- [Exercise goal] No pictures are to be included when the entries below are reproduced exactly.

- [Provided information]
*** Block opens ***

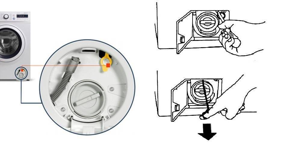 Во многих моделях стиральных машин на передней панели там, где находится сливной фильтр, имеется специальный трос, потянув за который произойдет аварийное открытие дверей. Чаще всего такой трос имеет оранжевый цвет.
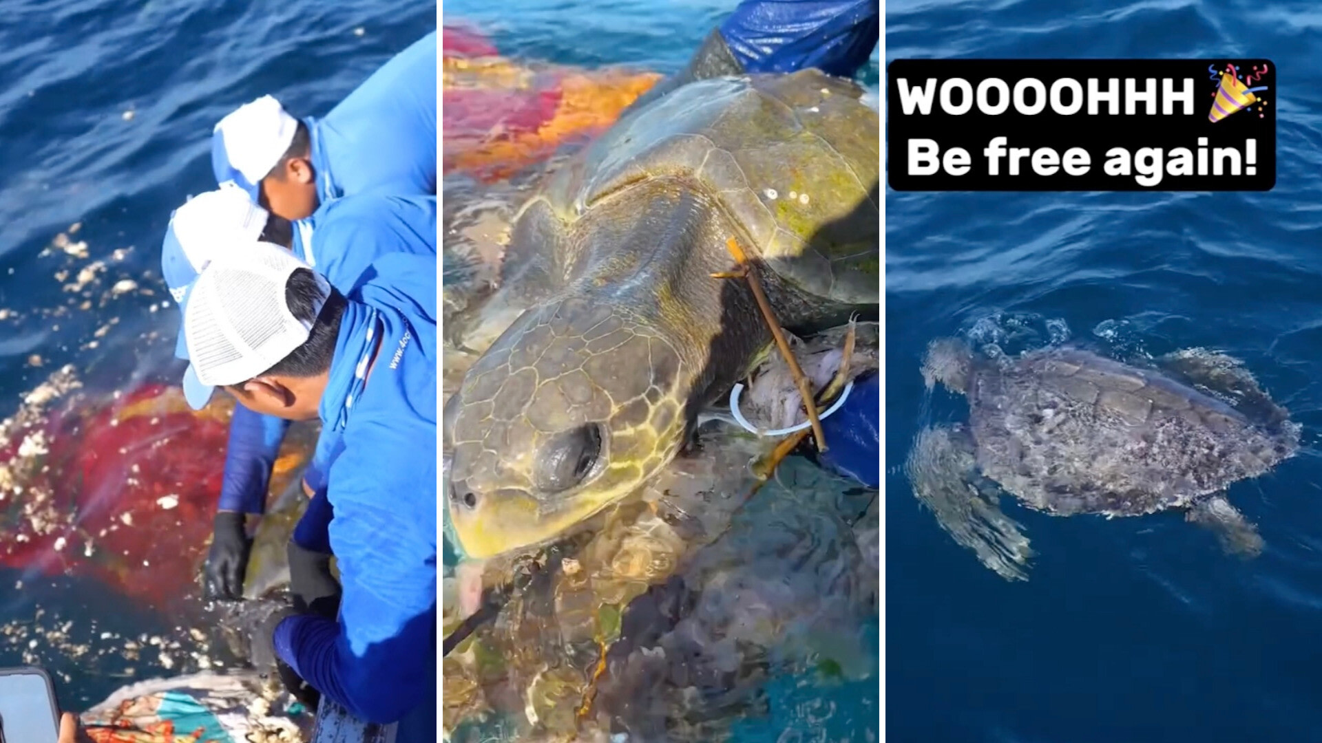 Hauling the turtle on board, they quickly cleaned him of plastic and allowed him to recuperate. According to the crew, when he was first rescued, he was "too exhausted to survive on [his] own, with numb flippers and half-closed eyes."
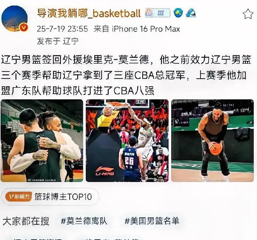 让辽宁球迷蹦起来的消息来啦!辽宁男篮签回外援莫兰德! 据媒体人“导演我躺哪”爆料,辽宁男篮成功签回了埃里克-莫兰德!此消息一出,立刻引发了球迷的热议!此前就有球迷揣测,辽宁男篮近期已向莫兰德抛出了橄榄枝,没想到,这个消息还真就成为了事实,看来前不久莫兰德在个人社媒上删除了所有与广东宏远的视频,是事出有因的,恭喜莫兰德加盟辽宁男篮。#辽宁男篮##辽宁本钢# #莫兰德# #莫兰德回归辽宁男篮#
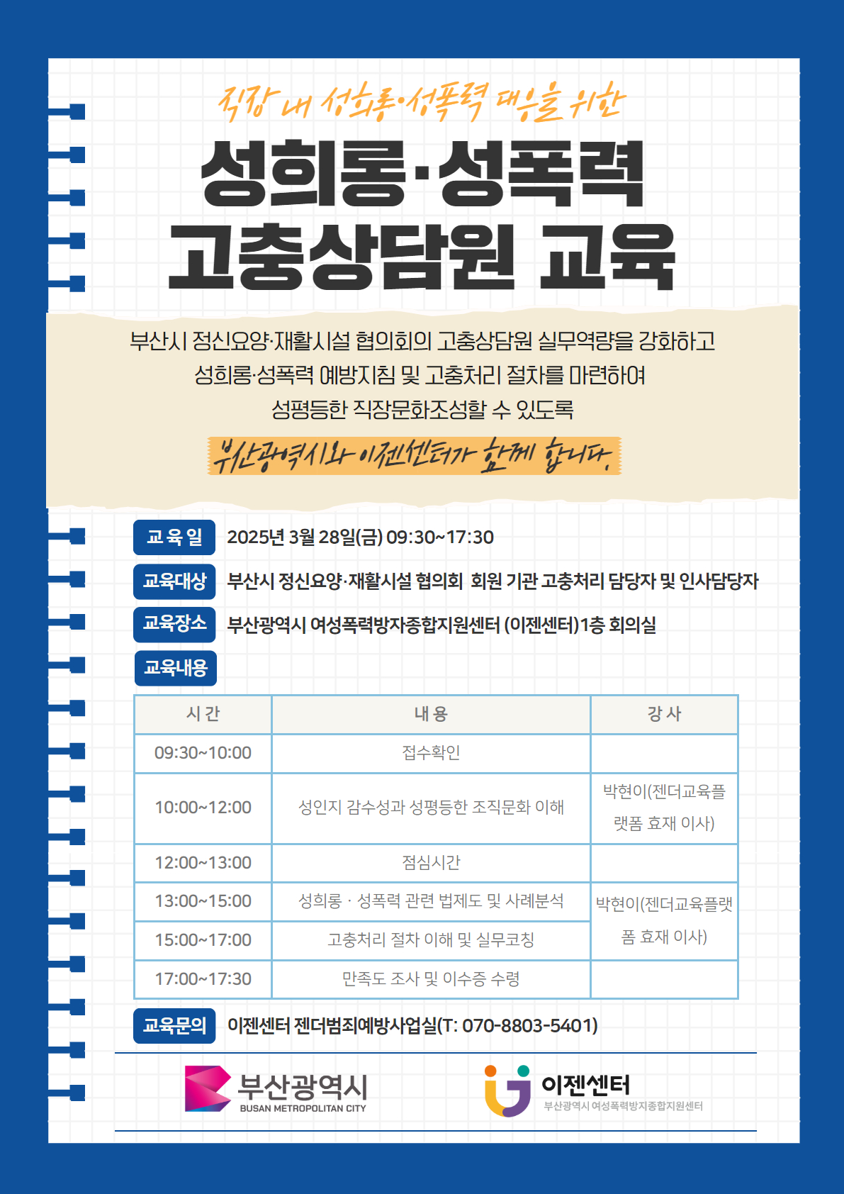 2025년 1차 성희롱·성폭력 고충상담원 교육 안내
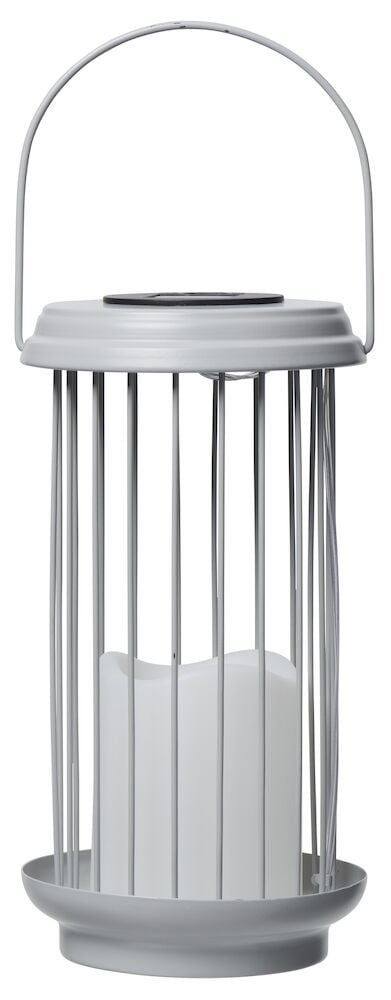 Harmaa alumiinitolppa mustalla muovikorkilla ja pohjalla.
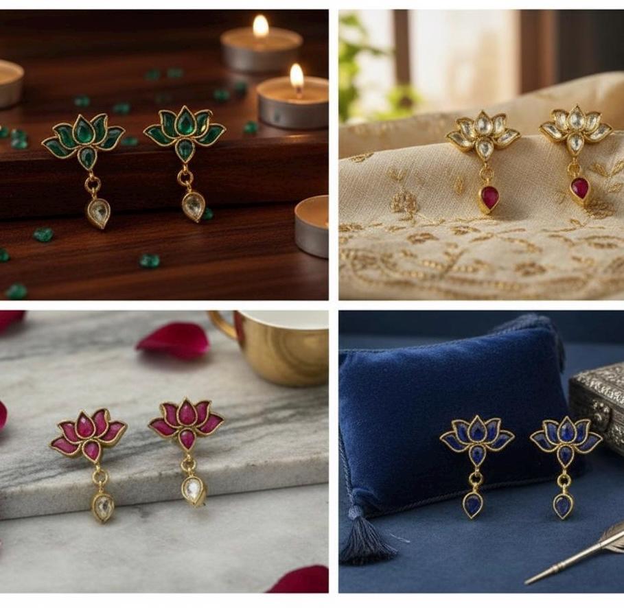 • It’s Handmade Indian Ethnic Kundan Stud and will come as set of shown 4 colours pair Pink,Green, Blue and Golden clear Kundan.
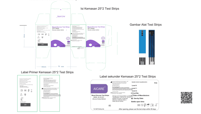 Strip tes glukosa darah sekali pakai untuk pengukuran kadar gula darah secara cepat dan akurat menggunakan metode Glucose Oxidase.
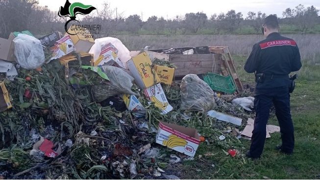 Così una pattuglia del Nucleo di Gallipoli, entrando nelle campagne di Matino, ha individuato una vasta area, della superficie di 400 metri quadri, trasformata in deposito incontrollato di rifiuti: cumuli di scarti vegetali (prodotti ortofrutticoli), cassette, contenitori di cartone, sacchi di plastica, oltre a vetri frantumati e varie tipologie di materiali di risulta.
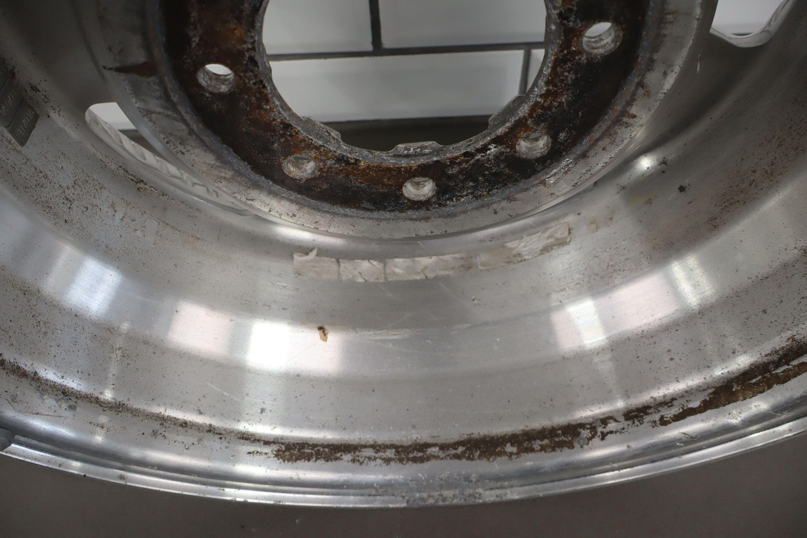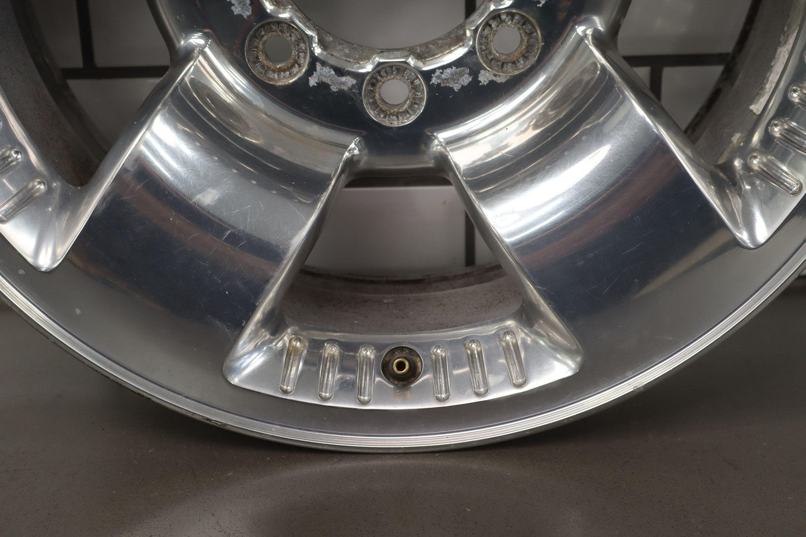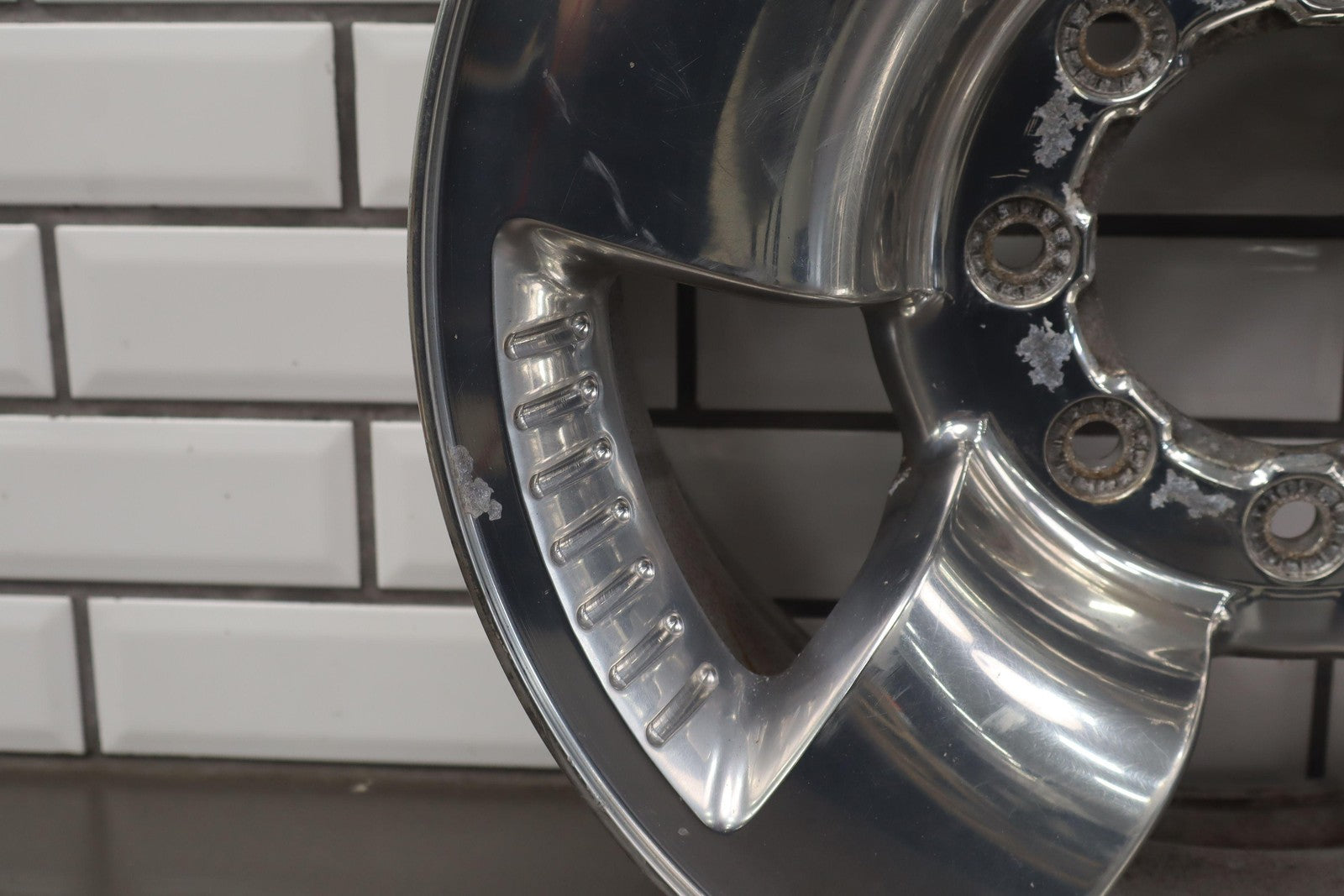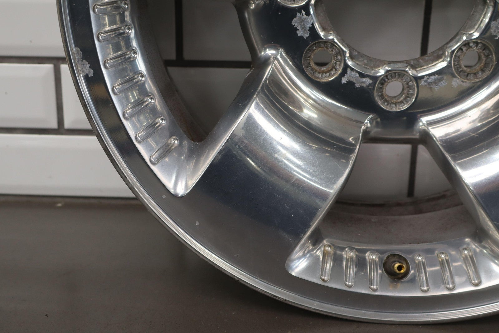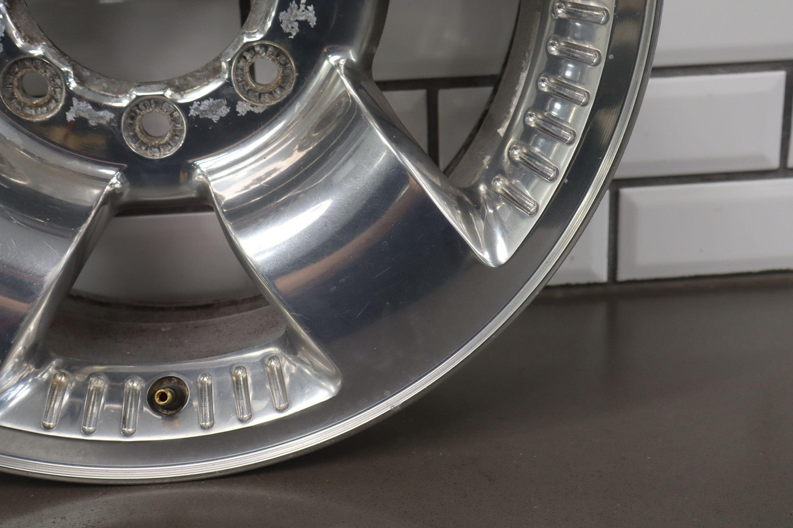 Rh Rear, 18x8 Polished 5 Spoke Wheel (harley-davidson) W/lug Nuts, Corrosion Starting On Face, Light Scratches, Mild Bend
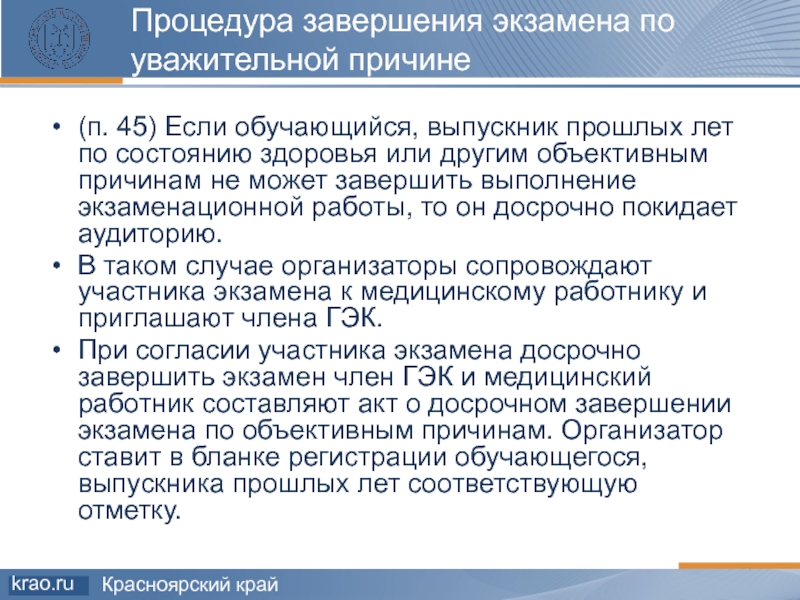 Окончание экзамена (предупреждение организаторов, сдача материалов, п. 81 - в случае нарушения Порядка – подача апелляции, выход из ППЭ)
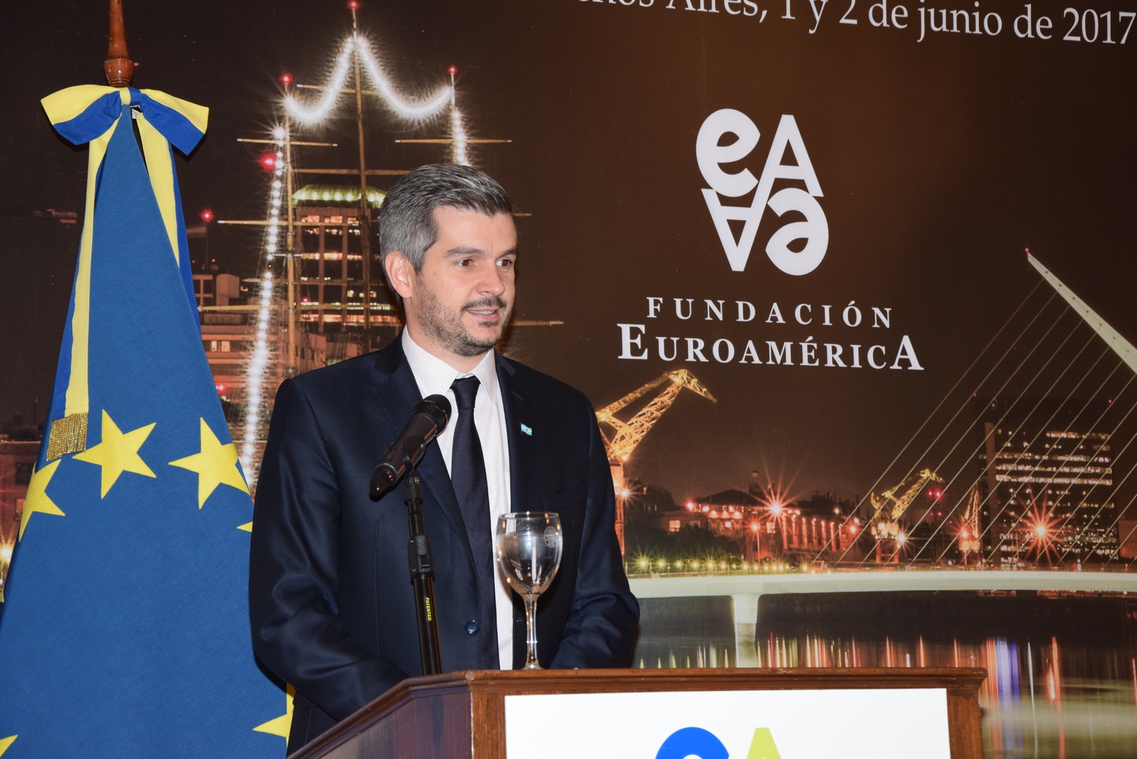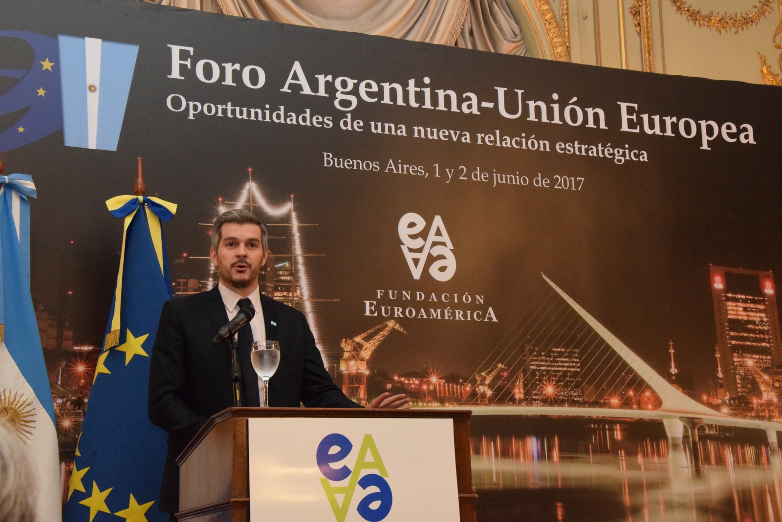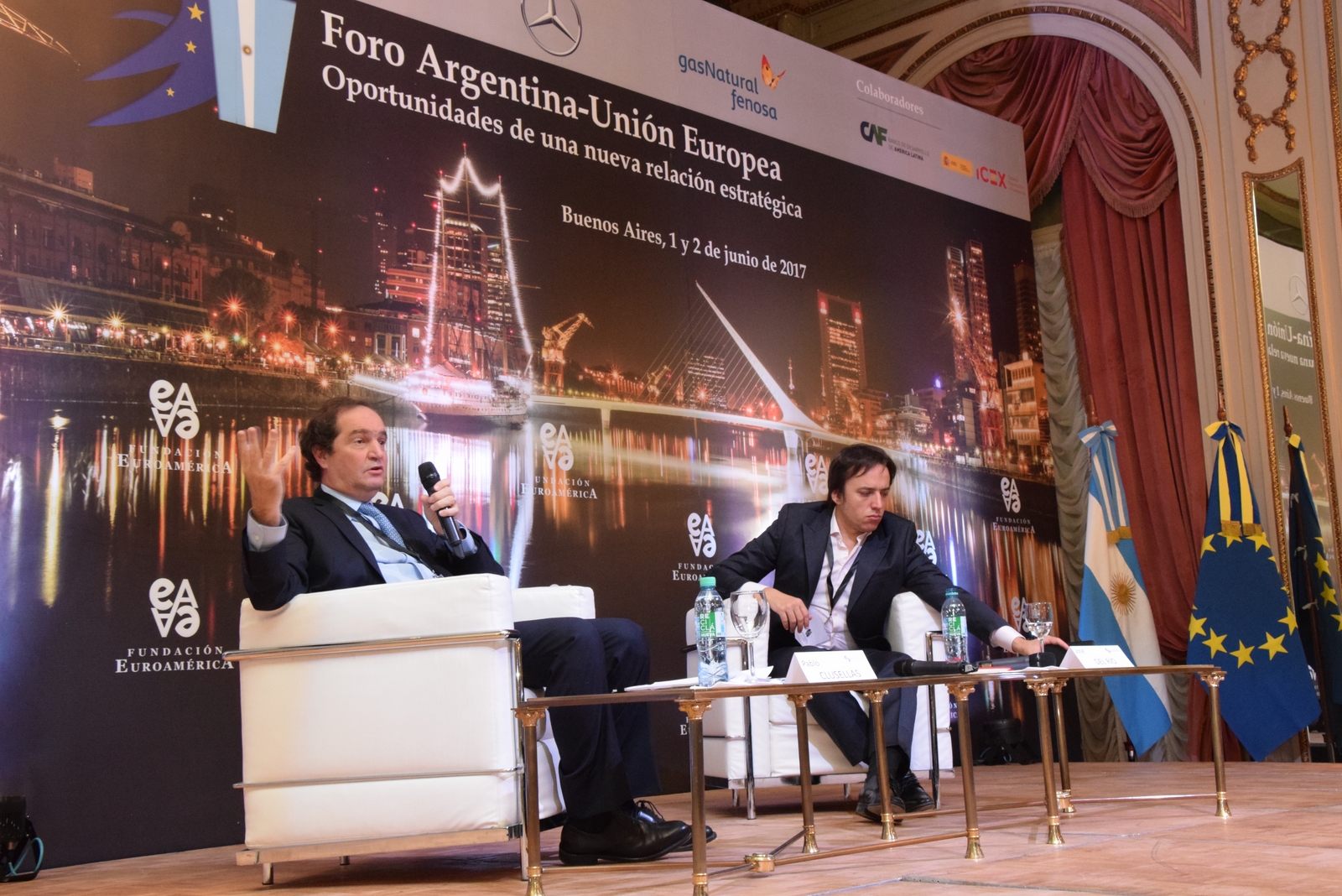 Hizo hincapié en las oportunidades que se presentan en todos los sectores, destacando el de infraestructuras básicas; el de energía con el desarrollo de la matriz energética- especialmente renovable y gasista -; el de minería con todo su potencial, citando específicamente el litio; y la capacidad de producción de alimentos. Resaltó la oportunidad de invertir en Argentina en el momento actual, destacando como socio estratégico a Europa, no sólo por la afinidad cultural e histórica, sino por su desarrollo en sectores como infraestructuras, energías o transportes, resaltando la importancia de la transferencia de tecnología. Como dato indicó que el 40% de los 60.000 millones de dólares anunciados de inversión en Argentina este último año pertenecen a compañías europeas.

*** Block closes ***

- [Output for this exercise]
 Во многих моделях стиральных машин на передней панели там, где находится сливной фильтр, имеется специальный трос, потянув за который произойдет аварийное открытие дверей. Чаще всего такой трос имеет оранжевый цвет.
 Hauling the turtle on board, they quickly cleaned him of plastic and allowed him to recuperate. According to the crew, when he was first rescued, he was "too exhausted to survive on [his] own, with numb flippers and half-closed eyes."
 让辽宁球迷蹦起来的消息来啦!辽宁男篮签回外援莫兰德! 据媒体人“导演我躺哪”爆料,辽宁男篮成功签回了埃里克-莫兰德!此消息一出,立刻引发了球迷的热议!此前就有球迷揣测,辽宁男篮近期已向莫兰德抛出了橄榄枝,没想到,这个消息还真就成为了事实,看来前不久莫兰德在个人社媒上删除了所有与广东宏远的视频,是事出有因的,恭喜莫兰德加盟辽宁男篮。#辽宁男篮##辽宁本钢# #莫兰德# #莫兰德回归辽宁男篮#
 2025년 1차 성희롱·성폭력 고충상담원 교육 안내
 Harmaa alumiinitolppa mustalla muovikorkilla ja pohjalla.
 • It’s Handmade Indian Ethnic Kundan Stud and will come as set of shown 4 colours pair Pink,Green, Blue and Golden clear Kundan.
 Strip tes glukosa darah sekali pakai untuk pengukuran kadar gula darah secara cepat dan akurat menggunakan metode Glucose Oxidase.
 Così una pattuglia del Nucleo di Gallipoli, entrando nelle campagne di Matino, ha individuato una vasta area, della superficie di 400 metri quadri, trasformata in deposito incontrollato di rifiuti: cumuli di scarti vegetali (prodotti ortofrutticoli), cassette, contenitori di cartone, sacchi di plastica, oltre a vetri frantumati e varie tipologie di materiali di risulta.
 Rh Rear, 18x8 Polished 5 Spoke Wheel (harley-davidson) W/lug Nuts, Corrosion Starting On Face, Light Scratches, Mild Bend
 Окончание экзамена (предупреждение организаторов, сдача материалов, п. 81 - в случае нарушения Порядка – подача апелляции, выход из ППЭ)
 Hizo hincapié en las oportunidades que se presentan en todos los sectores, destacando el de infraestructuras básicas; el de energía con el desarrollo de la matriz energética- especialmente renovable y gasista -; el de minería con todo su potencial, citando específicamente el litio; y la capacidad de producción de alimentos. Resaltó la oportunidad de invertir en Argentina en el momento actual, destacando como socio estratégico a Europa, no sólo por la afinidad cultural e histórica, sino por su desarrollo en sectores como infraestructuras, energías o transportes, resaltando la importancia de la transferencia de tecnología. Como dato indicó que el 40% de los 60.000 millones de dólares anunciados de inversión en Argentina este último año pertenecen a compañías europeas.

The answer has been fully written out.